# Sea Lion 16 project



## joshuabward (Apr 3, 2010)

Welcome to the forum and do include lots of pics!!!
Tell us a little about it I'm sure some of the guys on here know something about the hull.
Length? Beam? hp? Brand?


----------



## tbayray (Sep 18, 2008)

Cool. Although it looks a little on the heavy-side; to me... [smiley=1-mmm.gif]
What're your plans for the project...
I agree with the railing... That thing must've went offshore back in the day. [smiley=shithappens.gif] [smiley=rollinglaugh.gif]


----------



## kylestrawn (Aug 7, 2010)

Additional info
L- 15'8"
B- 78"
70hp Yamaha

As far as how heavy it is, I have no idea. I'm sure it's full of saturated foam. I hear that stuff adds up to about 10lbs per cube foot. 

Pics are coming soon.


----------



## tbayray (Sep 18, 2008)

AllGood. Lets see some tear down pics! [smiley=eyepopping.gif]


----------



## kylestrawn (Aug 7, 2010)

Sorry it's taken so long for an update. Let me show you what I'm working with.


----------



## kylestrawn (Aug 7, 2010)

This is where it gets interesting...










now the first inspection...










Oh my! It's full of water and broken wood. 










Lets take a look at the bilge

















Just as I suspect. After a long life up north and 2 years of KyleStyle beating the snot out of it, this boat is a wreck.

Here's the big picture.









This is no good. maybe it wasn't coated in resin?
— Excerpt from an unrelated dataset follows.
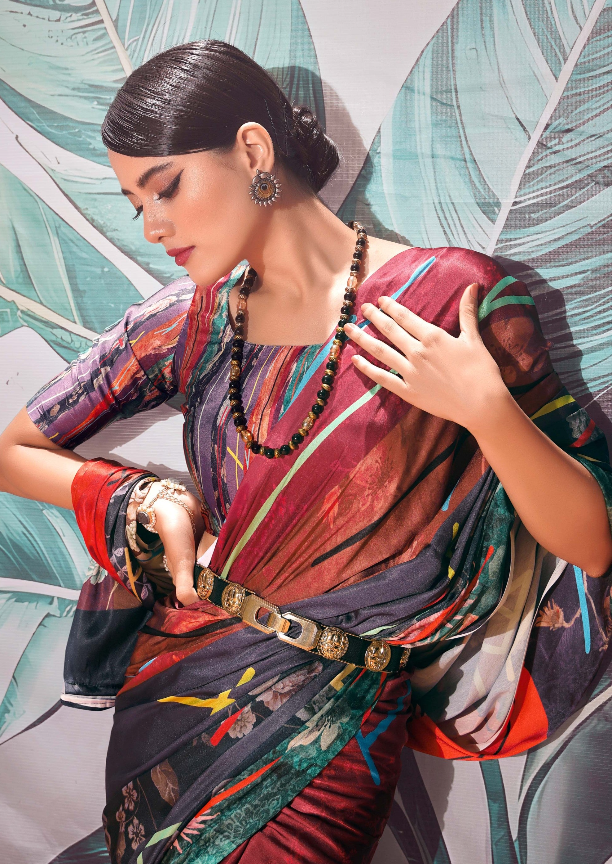 Sardine Grey Printed Satin Silk Saree: Dive into Elegance with Every Fold

This holiday weekend is going to be dedicated to tearing down the rest of the deck,getting all the soaked foam out, taking lots of measurements and, finally, shopping for a grinder I can become best friends with for a week or so. 

stay tuned.


----------



## noeettica (Sep 23, 2007)

Bosch or makita ... Get a resperator Safety goggles Gloves and a BIG Bottle of baby Power !!! Ear Pluggs and Tyvek Suit optional ;-)


----------



## kylestrawn (Aug 7, 2010)

It's been a while since I've updated this thread. I've spent a lot of time on nothing it seems. It took a few tires to get the outboard off, and moved into the garage. I've managed to cut out the front casting deck, the boxes on the rear, and have made some progress on the foam. 
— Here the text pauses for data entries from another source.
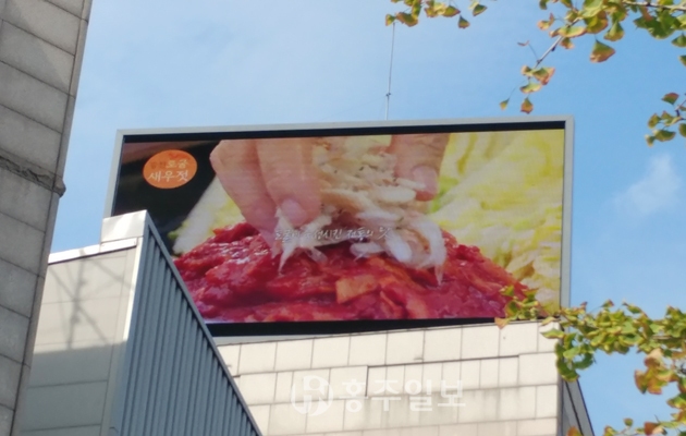 홍성군은 서울 마포구 서교동 지은빌딩과 금천구 독산동 신건빌딩 전광판 2곳에 8월부터 10월까지 3개월간 광천토굴새우젓 홍보 동영상을 송출하고 있다.<사진>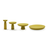 Olo Colors propose quatre modèles de différentes dimensions, disponibles en finition jaune ou orange foncé. Ce sont des sculptures modernes qui s’intègrent parfaitement dans l’espace domestique. L’association des formes géométriques et du bois laqué crée une collection de tables au caractère fort et à la silhouette douce.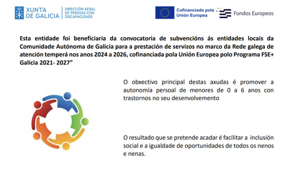 Dentro do Programa Operativo FSE Galicia 2014-2020 "O FSE inviste no teu futuro", o Concello de Rianxo foi beneficiaria da convocatoria de subvencións ás entidades locais da Comunidade Autónoma de Galicia para a prestacións do servizo no marco da Rede Galega de Atención Temperá nos anos 2024 a 2026, cofinanciada pola Unión Europea.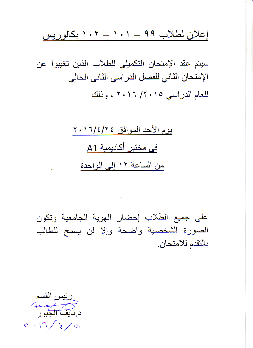 اعلان لطلاب انجليزي 99-101-102 بكالوريوس كلية الهندسة التكنولوجية
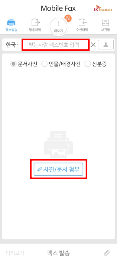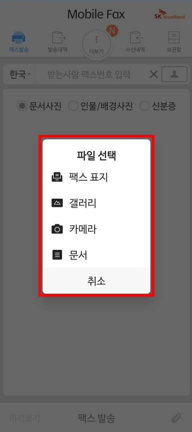 작성이 필요 없으시면 바로 사진이나 문서를 첨부하셔서 팩스발송을 누르시면 완료됩니다.

It's been difficult to get measurements to say the least. Sole height is pretty obvious, but stringer layout is mostly guess work as they are almost all rotted away. 

I scratch my head in amazement thinking about all the rough water and big jumps I've made over the last 2 years. Amazed at how I didn't break this thing into pieces beneath my feet. 

As for the transom demo... I've been putting it off. Only the very bottom and very top are rotten to the point of being easily removed. I've been at it with a pry bar and a hammer trying to work out the middle. 

I've been playing with a lot of different options for layout. If I want to go with a flats boat type deck, or leave it mostly open for the near shore/ offshore fishing that I love to do.

There are a lot of what ifs, and what about... I'm about to be ready for the rebuild portion. I'll get some more pictures up, and maybe you guys can offer some suggestions.


----------



## kylestrawn (Aug 7, 2010)

The boat took a back seat to life for a while. Only having Wednesday and Sunday off are definitely a hindrance to getting much of anything done. 

With DST in full effect we're off!

I finally got it off the trailer. I was going at it solo with only a mickey mouse jack from a spare tire kit and a few blocks of wood. What a nerve racking proposition that was. It's currently sitting on styrofoam blocks while I remove the remainder of the structural supports. 

Finding a decent used trailer is an exercise in futility it seems. I'm just not up for shelling out 700 for a new one.

I mentioned last summer that I was having a hard time with planning the deck layout. I've chosen to make a console and attempt a leaning post livewell. I'm resigned to either putting the gas tank under the front deck, or console, but still have the ability to remove it.

I'll get some pictures up tonight. Thanks for looking.


----------